Listening means opening your mind and ears to the sounds and environment around you without judgment or getting caught up in how you respond. You might know this from conversational guides or networking tips – in that context, specialists recommend listening to your conversational partner’s story instead of thinking of what to say next to keep the conversation going.

Listening in its purest sense is the same. When you listen, you are simply looking to receive information – no judgment, no analysis.

If you want to define your purpose, you need to start with listening. This can be both literal and metaphorical. There are two areas that you should listen to: 1) Internal, and 2) External

1) Internal

  • What are your biggest achievements so far?
  • What are the biggest lessons you’ve learned?
  • How did you get to your achievements and lessons learned?
  • How are you feeling about your current business activities?
  • When (in your business) do you feel excited? When do you not?
  • What is working well? What needs to be improved?

2) External

  • How does your team perceive your business? What motivates them?
  • Why do customers come to you? What keeps them engaged?
  • When is it easy for you to make money?
  • When it’s difficult to get revenue and profit, why is that?
  • How do others talk about your business?

These questions are a small selection of the areas you can explore when defining your purpose.

It can be extremely difficult to listen without immediately responding. Naturally, you will hear something that might strike you as negative, and you’ll want to jump up and react. That might be appropriate in a business crisis but not when exploring your purpose.

Listening takes practice. There are several ways you can improve your listening skills.

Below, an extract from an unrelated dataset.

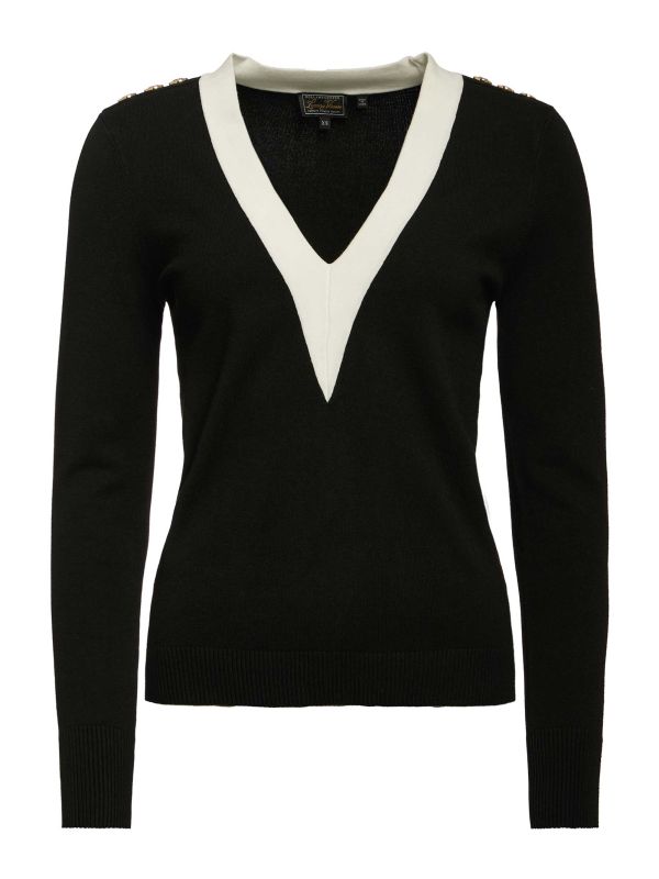 The Macy Knitted Top by Holland Cooper is a sleek style that's designed to contour the silhouette for a flattering fit. Made from a viscose and polyester blend, this Holland Cooper top is distinctive by its contrasting, deep V neckline. It has long sleeves and a structured look, perfect for curating chic outfits both for casual and more formal occasions.

  • Listen to music (yes, quite obvious and yet we don’t do it often) – don’t do anything else and listen to a piece of music for 3-5 minutes. No driving, walking, or doing the laundry. Try to hear as many instruments, nuances, and sounds as possible.
  • Walk without your headphones – take a walk in nature or the city without headphones and take in the sounds around you

Listening requires you to be present. That’s a difficult skill to master but there are some ways in which we can trick our brains when it comes to defining your business purpose:

  • Writing – Doing a guided, free-flowing writing exercise is a great way to articulate your inputs without judgment.
  • Association Games – modeled on theater improvisation exercises, you can play a game with your team: pick a topic and shout out words that come to mind.

In our work, listening is the first step we take with clients. In the marketing context, many would call this an audit. While there are many elements of this type of listening that result in an audit, there is one crucial area that many audits often don’t take into account – Emotion.

If you want to turn your purpose into profit, how you, your team, and your customers feel are crucial insights you need to uncover. Even though we might pretend to be cool, detached, analytical business owners, we are emotional humans. If you don’t feel excited about your purpose, you’re not going to be consistent in acting on it. If your team doesn’t feel inspired, it will be much easier for them to drop the ball. If your customers don’t connect with your purpose, they most likely won’t come back.

Listening will inevitably uncover emotions that can be important signposts to your business purposes. Only after we listened, do we get to define your purpose.